Here's my girl Tia, 5 months old, getting ready to show her this weekend (Thanksgiving) at a local shutzhund club trial near Niagara Falls ON. I took her to our breeder 2 weeks ago, they showed me the basics of what she'll be expected to do - the stance took quite a while to get a decent pic without her jumping out of it every 2 seconds. I know the grass is sort of long so you can't see her feet really well but this was as good as it was going to get.

She is a bit overweight but we're working on that, she's got a nice "tuck" now where her belly was hanging down and I've upped her walks as well.

Here we go....all comments/suggestions/critiques welcome....:blush:


----------



## jacksonpuppers (Jul 13, 2009)

Very nice! :wub: Good luck at the show!


----------



## MaggieRoseLee (Aug 17, 2001)

She's lovely!


----------



## gsd_lover (Aug 22, 2010)

Thanks for your kind comments!

Since the show is fast approaching (in 4 days), could anyone offer a serious critique?? Time is running out for us, thanks!:help:


P.S. how do you post the larger pics with the yellow bar across the top??


----------



## MaggieRoseLee (Aug 17, 2001)

gsd_lover said:


> P.S. how do you post the larger pics with the yellow bar across the top??


If you double click on a smaller picture a bigger version opens up. Then RIGHT click on it, hit copy, and then just paste that into your Message window:


----------



## Jason L (Mar 20, 2009)

Good luck!!! She is a cutie!


----------



## Liesje (Mar 4, 2007)

I like her! I like her head and expression (but I like strong heads, even on females). She appears well ring trained. Her head is up and her expression is happy in your movement pics.


----------



## kona70 (Aug 10, 2010)

She is beautiful!!!


----------



## gsd_lover (Aug 22, 2010)

Thanks for looking and for your comments!! The show is in 2 days and I'm starting to get nervous. Thankfully the 3 - 6 month group is the first of the day so we'll get it over with right away.

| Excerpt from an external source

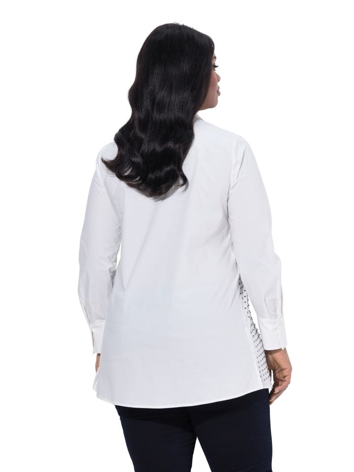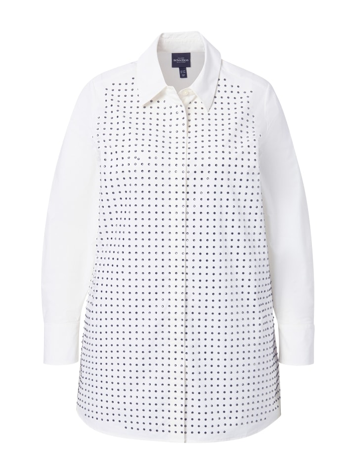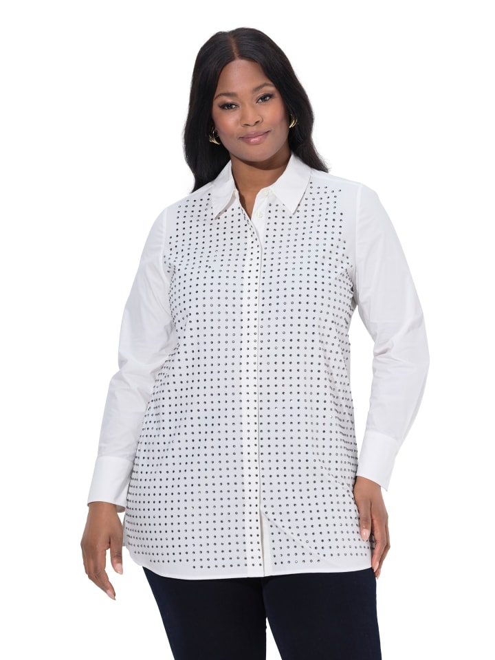 Блузка А-силуэта из мягкого хлопка. Изюминкой являются элегантные украшения из стразов спереди. Отложной воротник, потайная застежка на пуговицы, длинные рукава с манжетами. Боковые разрезы для дополнительного комфорта.

I'll let you all know how we did!


----------



## elisabeth_00117 (May 17, 2009)

Gorgeous girl!

I heard about the show and was going to go out to watch but have to work..  .. I can't wait to hear how you did... oh, and don't forget pictures!!!


----------



## gsd_lover (Aug 22, 2010)

Thanks Elisabeth, sorry you won't be able to come out. We'll be there all day on Sunday. The puppy class is 1st in the morning, but we will also be participating in the progeny group for her sire, Wind von Amalaberg, at the very end of all the classes. He's going for his SchH III on Saturday, I'm sure he'll do really well.

Her littermate, a full sister, will also be competing with us. I can't wait to get pic's of them all together! I'll post our results & pics when I return.

Wish us luck!!


----------



## gsd_lover (Aug 22, 2010)

Well, just got in a little while ago from the Niagara show/trial, Tia received VP2 (Very Promising) and a little trophy to go with it - yay!! She did really well standing and staying in her stance, but really didn't like having her bite examined (she's quite fussy about that, oh well). Her sire successfully completed his SchH III level too.

All in all, a fun day, really glad to have had the experience. I think we both learned a lot.


----------